Instruction on self-regulation includes the introduction of strategies, how to use them, and what the benefits are of self-regulated learning. Viscosity Viscosity believes that the Zone of Proximal Development (ZIP) is the prime determinant of individual differences and development among students. He defines the Zone of Proximal Development as the discrepancy between the child’s capacity to solve problems independently and the child’s ability to solve problems with assistance. Viscosity maintains that social interaction with a more knowledgeable person is critical for cognitive development.
This interaction helps the child attain a higher level of development than can be achieved alone. The adult should scaffold instruction by adjusting the level of his or her assistance in response to the child’s performance. If these adjustments are not made then the student will not attain a higher level of cognitive development. Viscosity also believes that individual differences can be attributed to culture. He states that students first make learning connections on the social level with their environment and other people; then, learning connections are manifested at the individual level.

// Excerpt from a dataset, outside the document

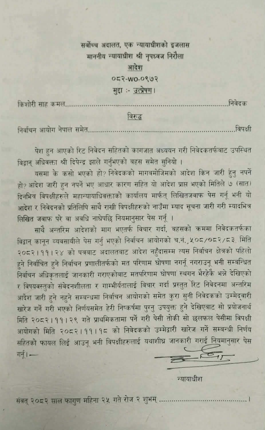 साहले निर्वाचन आयोग समेतलाई विपक्षी बनाई दायर गरेको उत्प्रेषणको रिटमाथि अदालतले ७ दिनभित्र लिखित जवाफ पेस गर्न आदेश दिएको छ । आदेशमा भनिएको छ, ‘विपक्षी आयोगको मिति २०८२–११–१८ को निवेदकको उम्मेदवारी खारेज गर्ने सम्बन्धी निर्णय सहितको फाइल लिई आउनू भनी विपक्षीहरूलाई यथाशीघ्र जानकारी गराई नियमानुसार पेस गर्नू ।’
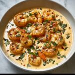To reheat, warm the shrimp gently in a skillet over low heat rather than in the microwave to avoid overcooking. Add a splash of chicken broth or cream to loosen the sauce if it’s thickened too much. Heat until just warmed through for the best texture and flavor.

Since culture plays an essential role in cognitive development, it should be incorporated during instruction. Out of school experiences should be related to school experiences for optimal learning to take place. Although Viscosity acknowledges the relevance of individual differences, he does not believe that we should focus on a child’s individual differences in isolation. Instead, educators should focus more on the student’s potential by facilitating problem solving in a social context. Summary harmonistic, such as temperament, energy level, Friendship patterns and parent-child attachment. To meet individual differences there has been recognition only of intellectual and educational variations among the children. It is possible and desirable to adapt the nature of instruction to accommodate individual differences in ability, style or preferences among individuals to improve learning outcomes Different leaning outcomes require different skills, or abilities Individuals differ in their abilities to process information, construct meaning from it, or apply it to new situations There are no. F steps which are used by teacher to meet individual difference.